新しいオフィスビルが一棟できますと、ほぼ同時期に多くの企業が入居作業をするという状況になります。搬入用のエレベータの壁には段ボールや樹脂製の緩衝剤が張り巡らされ、引越し業者さんがいろんなフロアに物を運び込みます。
それが落ち着きますと、事務所開設や移転のお祝いとして胡蝶蘭の需要が急激に増します。今度は花屋が胡蝶蘭屋観葉植物を持ってエレベータに行列を作る番です。各企業様のエントランスには次々に胡蝶蘭や観葉植物が届けられ、祝賀ムードがどんどん形成されていきます。当然「当日の午前中に」というご指定がほとんどですので、裏の搬入用エレベータやバックヤードの通路、業者用の駐車場はもうすごい状態です。オフィスビルは高層な場合が多いですので、頑張って階段でのぼるなんてことはできません。ビルのオープンは長いエレベータ待ちはつきものです。別のフロアにもお届け物があっても、ついでにハシゴして行くことは難しいため、ひっきりなしに行き交うエレベータをどこかでまた捕まえるしかありません。

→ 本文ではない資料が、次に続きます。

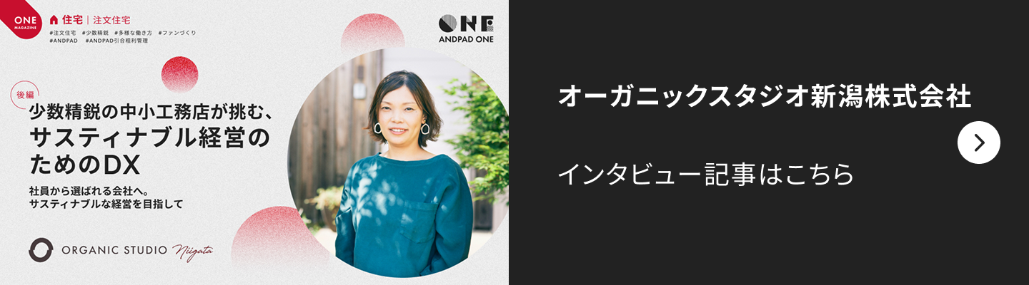 ・自然素材エコハウスの注文住宅設計・施工を行うオーガニックスタジオ新潟様は、コロナ禍を機にデジタルシフトを加速させました。ANDPADを導入し、資料などをクラウド環境で共有し一元管理。業務の効率化を図りながらテレワークを取り入れ、ライフステージの変化にも対応できる多様な働き方を実現しました。

そんな中でも、胡蝶蘭を傷つけないように丁寧に運び、立札が曲がっていないかチェックして納品をします。そして「おめでとうございます」の言葉も忘れずにおかけしてから帰ります。
多くの企業様が一斉に新しい環境でスタートを切られます。花屋として納品は確かに大変ではありますが、新しい建物の匂いとともに活気や喜びや緊張感で満たされた空間は、身が引き締まる感じがして心地がいいです。